In anticipation of the event BART turned off cellphone coverage in four of its stations for several hours. One of the reasons was ostensibly that, like London, the protestors would be using cellphones and social media to coordinate the protests (see this).

So now we have an interesting dilemma.

On the one hand, using social media to coordinate a riot protest would be a crime - though a crime if and only if it was not approved by the government and did not remain peaceful.  (I've often wondered about violent protests against those who conduct violence on innocents.)

On the other hand, what if grandma has a heart attack during her ride and no one can call for help so she subsequently dies?

Neither event happened - no riot protest, nobody's grandma is dead.

And BART claims that since it owns the cell antenna's in its stations it has the right to do what it like with them.

But what if their actions bring harm to others - even indirectly?  Isn't cell service today like a utility?  Something people rely on for daily on-going life? Can I rely on cell coverage to coordinate the pickup of needed medicine?  A ride to the hospital?  A life and death matter with a doctor?

Certainly there would be problems shutting off power to a few blocks of the city in anticipation of trouble.

As for cellphone "blocking" the US Criminal Code 47, Sections 301, 302a, 333 says that "The Act prohibits any person from willfully or maliciously interfering with the radio communications of any station licensed or authorized under the Act or operated by the U.S. government. 47 U.S.C. Section 333. The manufacture, importation, sale or offer for sale, including advertising, of devices designed to block or jam wireless transmissions is prohibited. 47 U.S.C. Section 302a(b). Parties in violation of these provisions may be subject to the penalties set out in 47 U.S.C. Sections 501-510. Fines for a first offense can range as high as $11,000 for each violation or imprisonment for up to one year, and the device used may also be seized and forfeited to the U.S. government."
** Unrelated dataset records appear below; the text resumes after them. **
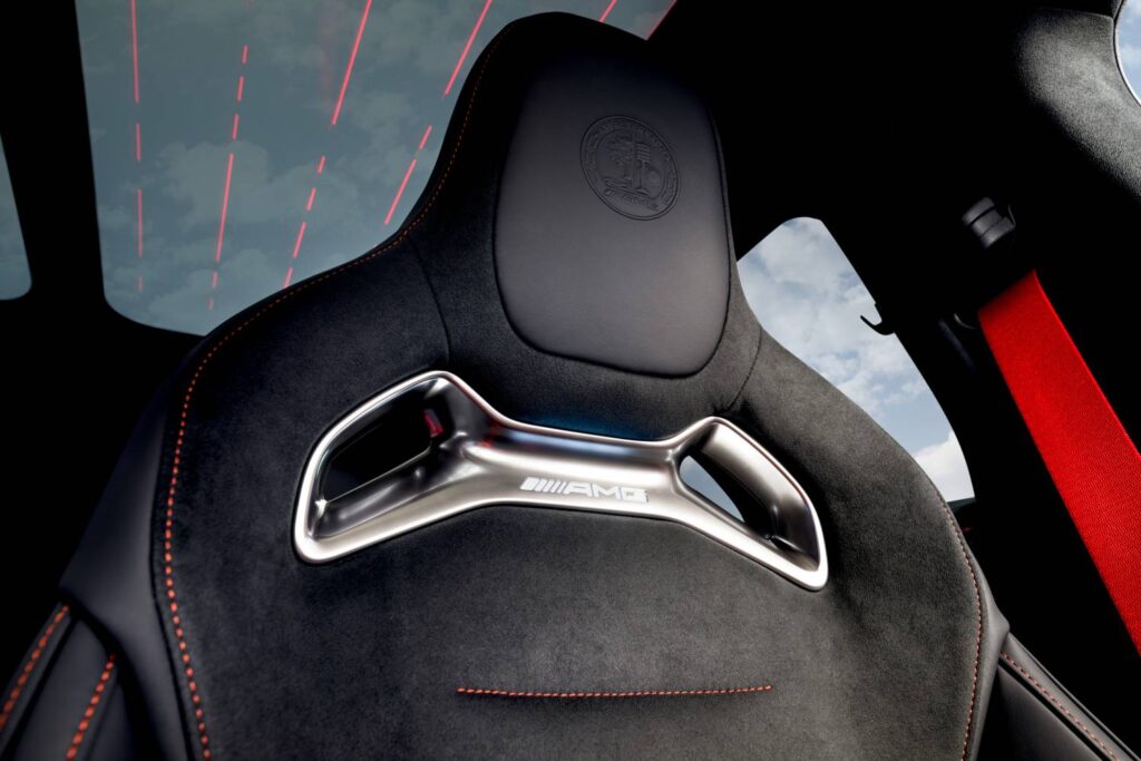 Com seu design esportivo e expressivo, os bancos dianteiros recém-desenvolvidos oferecem excelente suporte lateral em curvas dinâmicas. Os bancos AMG Performance opcionais, com apoios de cabeça integrados, são ainda mais esportivos. Com seus encostos marcantes, ambas as variantes de bancos enfatizam a leveza típica do automobilismo. Duas aberturas no encosto com inserções galvanizadas conferem o máximo de esportividade ao banco Performance e destacam sua construção leve.
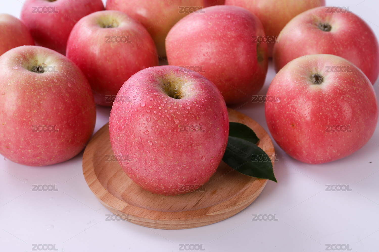 白氏上放着两个完整的陕西苹果和切块的苹果
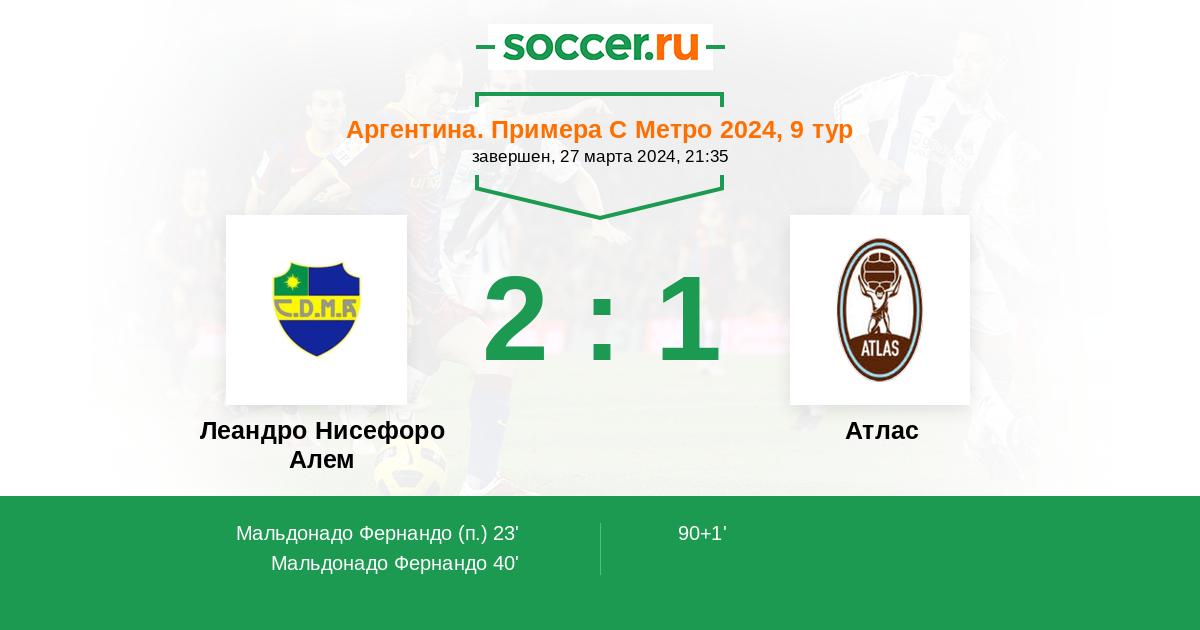 Протокол матча Леандро Нисефоро Алем против Атлас
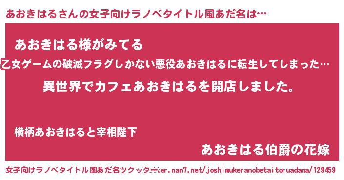 あおきはるさんの女子向けラノベタイトル風あだ名は… 『異世界でカフェあおきはるを開店しました。』『あおきはる様がみてる』『あおきはる伯爵の花嫁』 ツクッター #女子向けラノベタイトル風あだ名ツクッター http://tkutter.nan7.net/joshimukeranobetaitoruadana/129459/
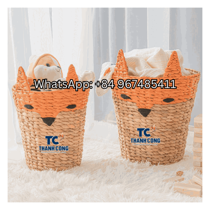Trendy Fox Shaped Water Hyacinth Basket High-Quality Kid Toy Storage With A Minimalist Woven Finish – TCKWB 8951
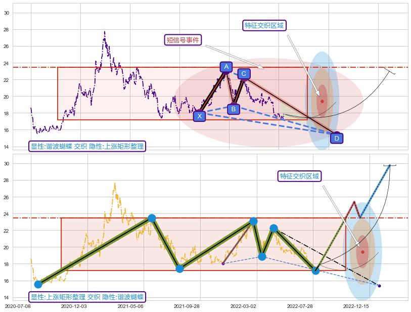 ➢ 谐波蝴蝶属【短级别信号事件】上涨矩形整理属【长级别信号事件】长短周期组合信号事件, 短长事件长度比34.47%
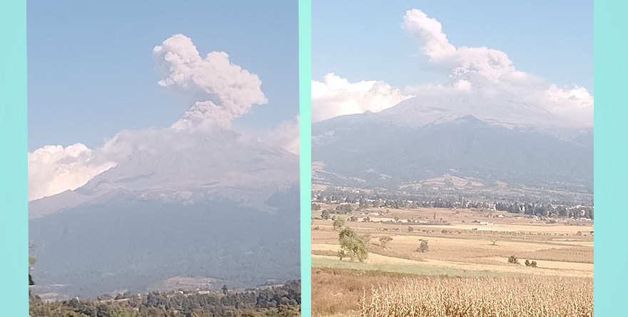 Tochimilco, Puebla, 26 diciembre 29024.- El volcán Popocatépetl alerta con su humareda este mediodía. Su imagen de 5 420 metros de altura, se agiganta con la columna de humo que se eleva al cielo de invierno con su azul inigualable, su belleza se conjuga con los riesgos de una eventual erupción.
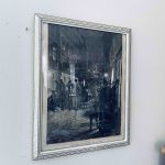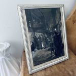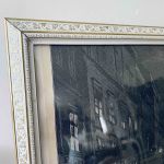 Stor rejäl metallram, med äldre tidningsmotiv från Svenska Familjejournalen Svea från 1890: "Vesterlånggatan vid Jultid".
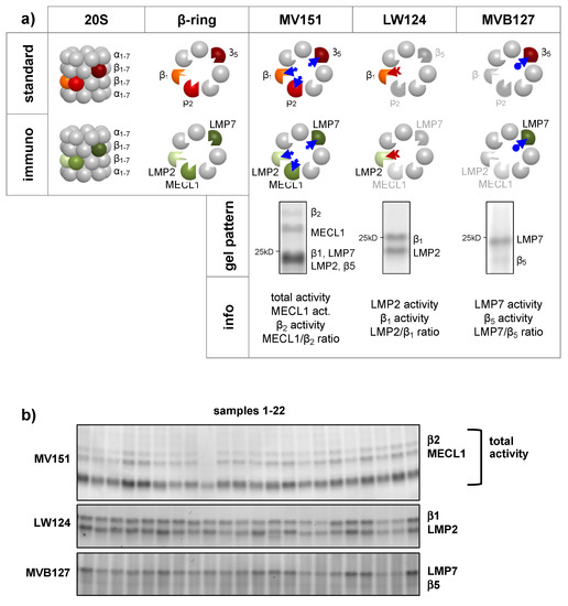 Figure 1. Proteasome activity profiling in peripheral blood mononuclear cells using activity-based probes (ABPs). (a) The 20S core particle of the proteasome is composed of four rings consisting of seven subunits each with dyad symmetry. The outer two α-rings control the opening of the gate and attachment to regulatory particles, while the inner two β-rings each comprise three different proteolytically active β-subunits: β1, β2, and β5 for the standard proteasome (present in every cell type). The immunosubunits LMP2, MECL1, and LMP7 are mainly found in lymphoid cells. With a set of three different ABPs, which bind to and fluorescently label the active centers, the six different β-subunits can be distinguished, see lower panel of the figure. MV151 labels all six proteasome subunits, and can be used for total proteasome activity assessment, but additionally MECL1 and β2 can be analyzed individually. LW124 labels LMP2 and β1, while MVB127 labels LMP7 and β5. The latter two have different fluorescent labels (here denoted in red and blue) and can be used simultaneously. For all three ABPs, the ratio of immunoproteasome subunit and their standard proteasome counterpart can also be determined. (b) Representative gel loaded with samples from 22 study participants and analyzed using the three activity-based probes MV151 to detect β2, MECL1 and total activities, LW124 to discriminate β1 and LMP2, and MVB127 to quantify β5 and LMP7 activities.
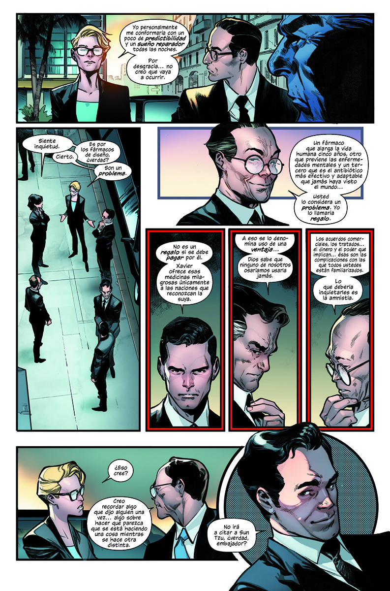 Cabe decir que uno de los últimos números publicados en inglés (creo que en «Rise of the Powers of X»), el propio Charles Xavier criticaba la idea de Krakoa, que veía como un «mal menor» que se había visto obligado a aceptar pero que suponía abandonar definitivamente su sueño de coexistencia; no sé qué tal le sentarían esas viñetas a quienes aceptaron acríticamente el «sueño krakoano» (para mí que muchos no las entendieron o prefirieron ignorarlas).
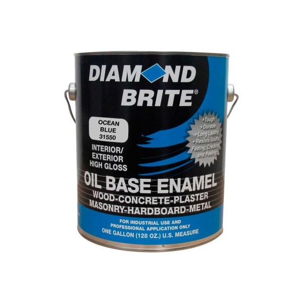 Diamond brite paint oil enamel, ocean blue gallon pail 1/case - 31550-1 provides a professional quality, high hide, mildew resistant alkyd finish with excellent stain removal. It is a durable gloss enamel that helps protect interior and exterior surfaces against repeated abrasion, rust and a variety of household chemicals. This product is an excellent product to also use in industrial applications, machinery, or commercial uses. It dries extremely hard, and will stand up against surfaces that receive high traffic and use. Properly prepare interior or exterior surfaces such as: wood, drywall, plaster, masonry, metal, well-bonded wallpaper, brick, stucco, aluminum and cinder block. 6-8 hr dry time; 24 hr. Recoat time. 300 sq. Ft coverage per gallon. Mineral spirits clean-up. Protect from freezing.
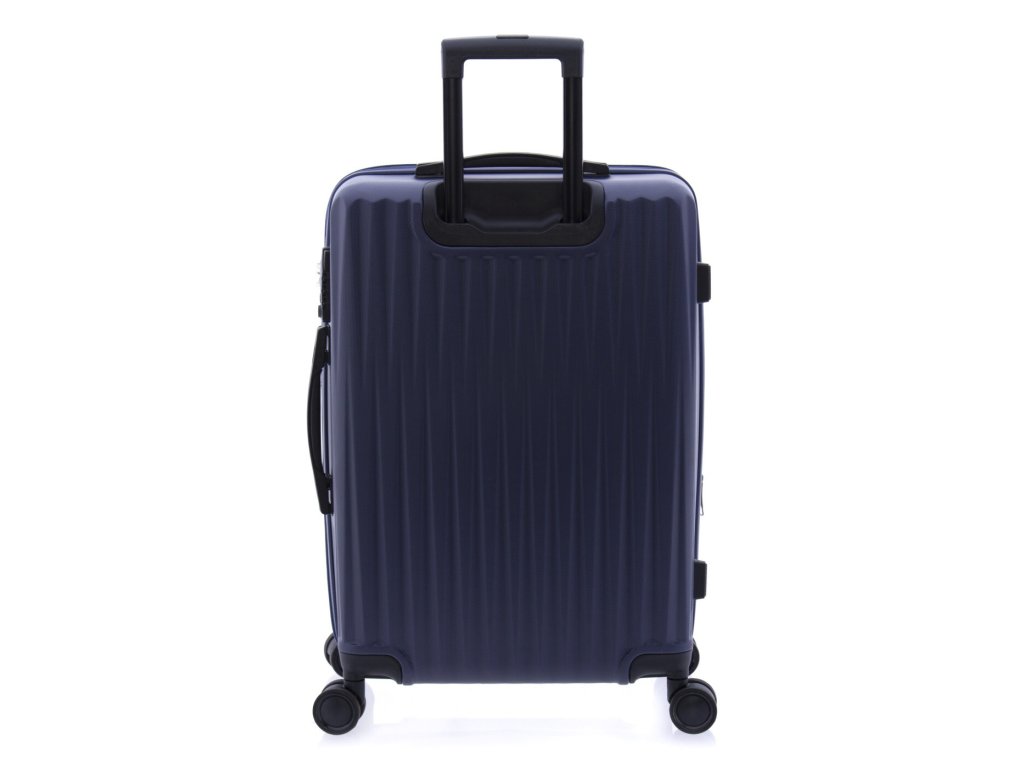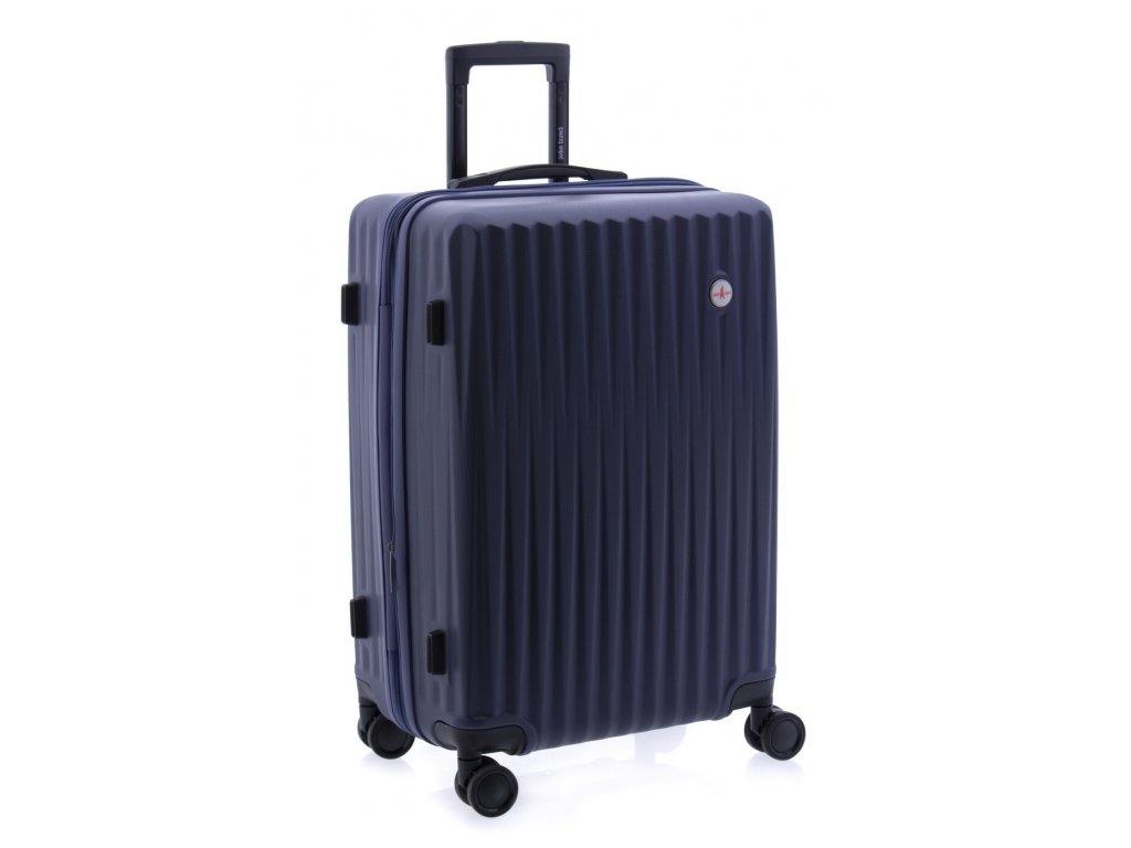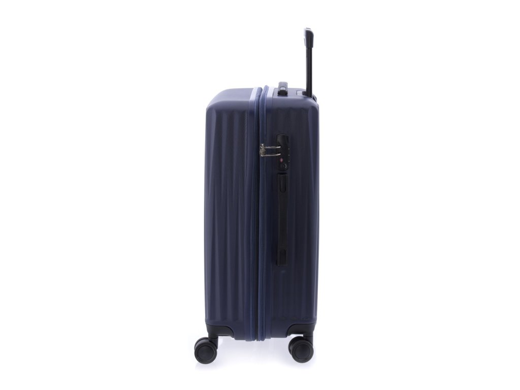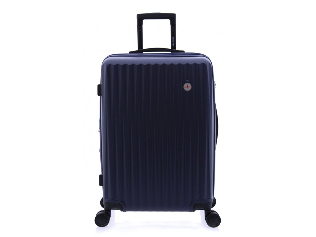 Elegantní plastový kufr 65 cm španělské značky John Travel v tmavě modré barvě linie Diamond s prolisy proužky. Tento cestovní kufr je vyroben z ABS materiálu.

Cell jammers are illegal so one imagines that shutting off a cell antenna is a similar problem.

The problem here is that government, in this case BART in the guise of the State of California has taken it upon itself to limit your free speech in anticipation of you doing something illegal or wrong with that free speech.

Mind you there is a difference between texting "meet me in front of Joe's Diner" and "help me destroy Joe's Diner" and "OMG I can't believe what's happening at Joe's Diner."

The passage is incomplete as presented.